Nadim Haddad, partner in the Energy Practice IMEA and global head of Oil and Gas at Oliver Wyman, added: “Saudi Arabia is acquiring assets globally in the petrochemical industry that will further cement its role as a pioneer and leader of the industry.”
The global petrochemical market is expected to grow significantly in the coming years, driven by rising demand for plastics, chemicals, and advanced materials in emerging markets.
“Saudi Arabia is strategically positioned to capitalize on these opportunities, reinforcing its status as a global petrochemical powerhouse,” added Casas.
As part of Vision 2030, Saudi Arabia aims to diversify its economy, with the petrochemicals industry playing a key role in reducing reliance on oil and driving industrial growth through technological advancement and strategic partnerships.
Foundations of the petrochemical industry
The foundations of Saudi Arabia’s petrochemical industry are deeply intertwined with the history of its oil and gas sector. Following the discovery of vast oil reserves in the 1930s, the Kingdom quickly recognized the potential of petrochemicals as a means to add value to its hydrocarbon resources.
The establishment of Saudi Basic Industries Corporation – also known as SABIC – in 1976 marked a turning point, as the Kingdom began to channel its abundant natural gas resources into the production of chemicals and plastics.
SABIC has grown into one of the world’s largest and most diversified chemical companies, with operations spanning over 50 countries.
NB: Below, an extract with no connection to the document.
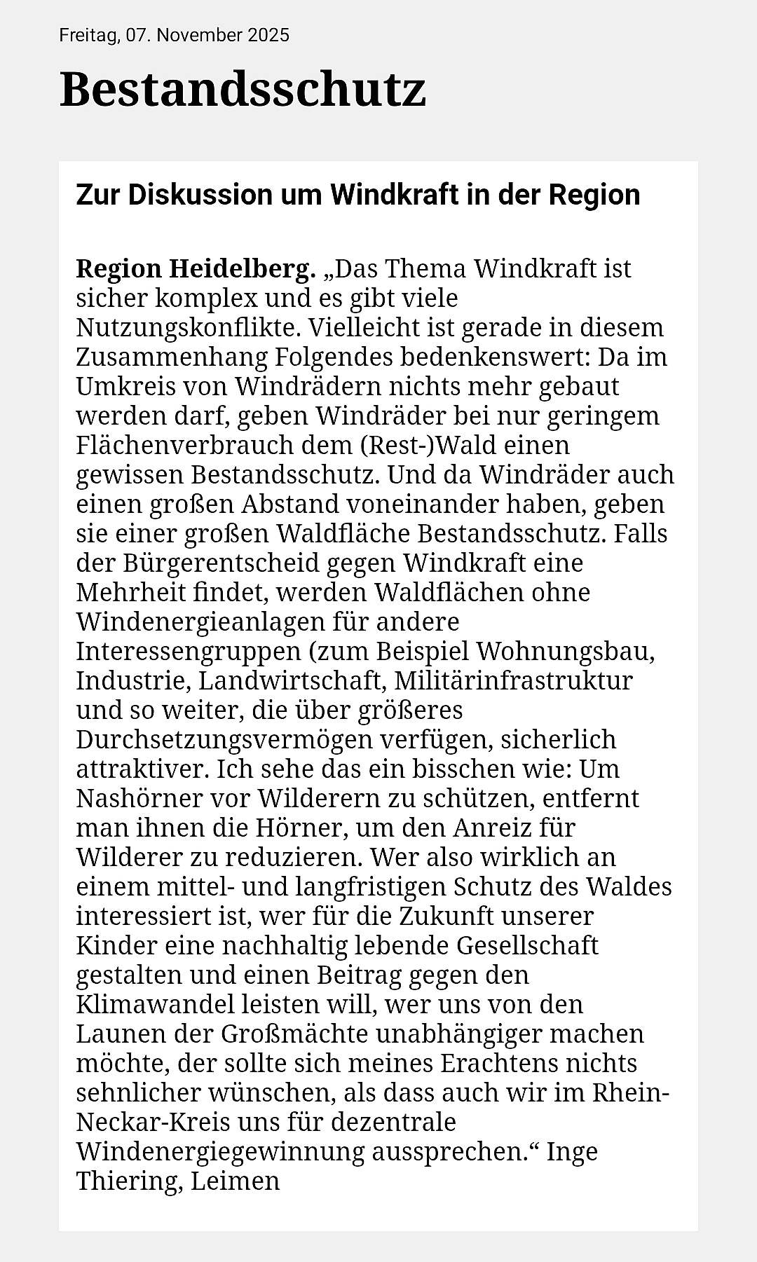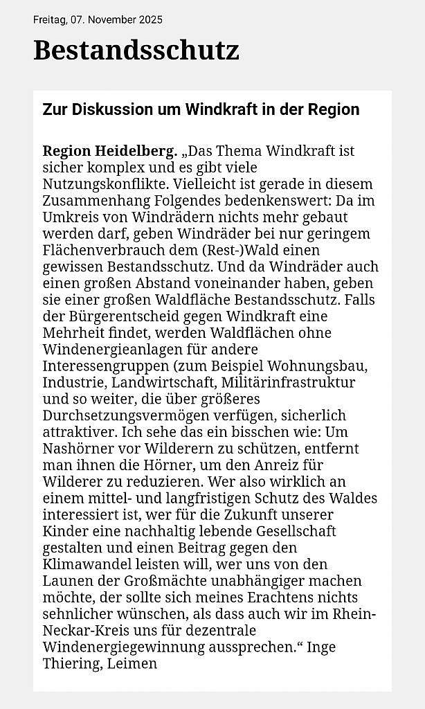 Auch das Argument, der Verband Region Rhein-Neckar (VRRN) habe das Gebiet als „nicht geeignet“ eingestuft, wird erneut falsch dargestellt. Der VRRN hat nämlich erklärt, dass in diesem Fall entweder der Abstand zum Vogelschutzgebiet vergrößert oder eine spezielle Artenschutzprüfung durchgeführt werden muss. Beides wird derzeit von den Gemeinden umgesetzt – der Artenschutz ist also gewährleistet, im Gegenteil: Er wird sogar gestärkt.

Its success is driven by a strategic focus on vertical integration within the hydrocarbon value chain, allowing the company to produce a wide range of petrochemical products at competitive costs.
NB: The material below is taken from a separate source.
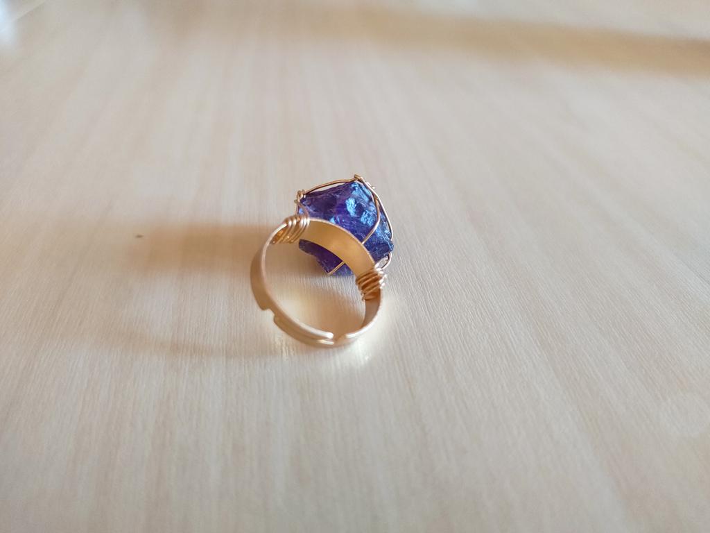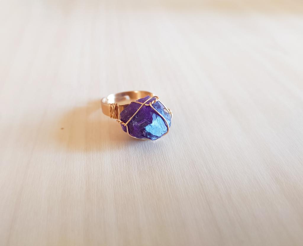Adjustable ring, natural amethyst, rich color. Metal coating is closer to rose gold. Quite nice.

This leadership not only reflects Saudi Arabia’s natural resource wealth but also its strategic investments in infrastructure, research, and human capital development.
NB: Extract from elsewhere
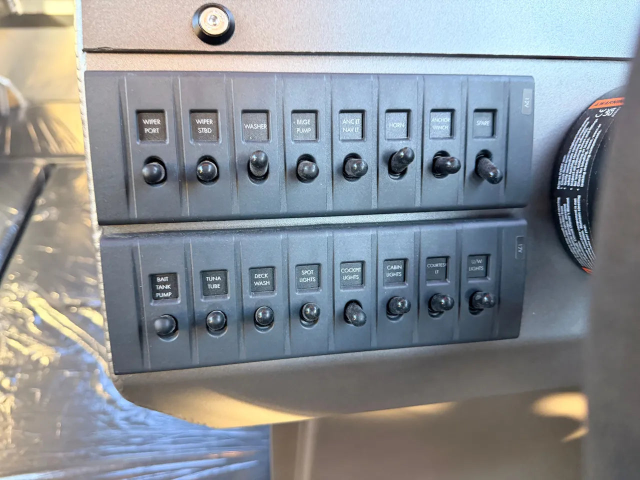 - Other Options Include: Diesel heater, radar mounting bracket, downrigger provision with plugs and breakers, Gamefish transom with live bait tank and lockable drawers, Zip Wake KB300S trim tabs, Sarca #3 anchor with rope and chain, bow mount trolling motor bracket and more!

Casas emphasized the significance of Saudi Arabia’s strategic investment in downstream petrochemical industries, particularly the acquisition of SABIC: “With the energy transition, the demand for oil as fuel will potentially start to decrease, while the demand for petrochemical-based products like plastics and synthetic fibers is increasing.”
He added: “Saudi Arabia is cognizant of this shift and understands that it possesses potentially more oil reserves than could be exploited, given expected trends in demand.”
Haddad highlighted the importance of the Kingdom’s integration with the oil and gas value chain which he said is built on the availability of feedstock to build an advantageous cost position on the global market.
“Jubail Industrial City, one of the largest industrial cities with state-of-the-art infrastructure, played a key role in building the foundation that helped accelerate the growth of the petrochemical industry,” Haddad explained.
Economic diversification and Vision 2030
The government’s focus on economic diversification is driving significant investments in the sector, including the development of new production facilities, the expansion of existing capacities, and the adoption of advanced technologies that enhance efficiency and sustainability.
Vision 2030 envisions Saudi Arabia as a global industrial hub, attracting foreign investment and fostering innovation in high-value industries. The petrochemicals industry, with its vast potential for value addition, is a key component of this vision.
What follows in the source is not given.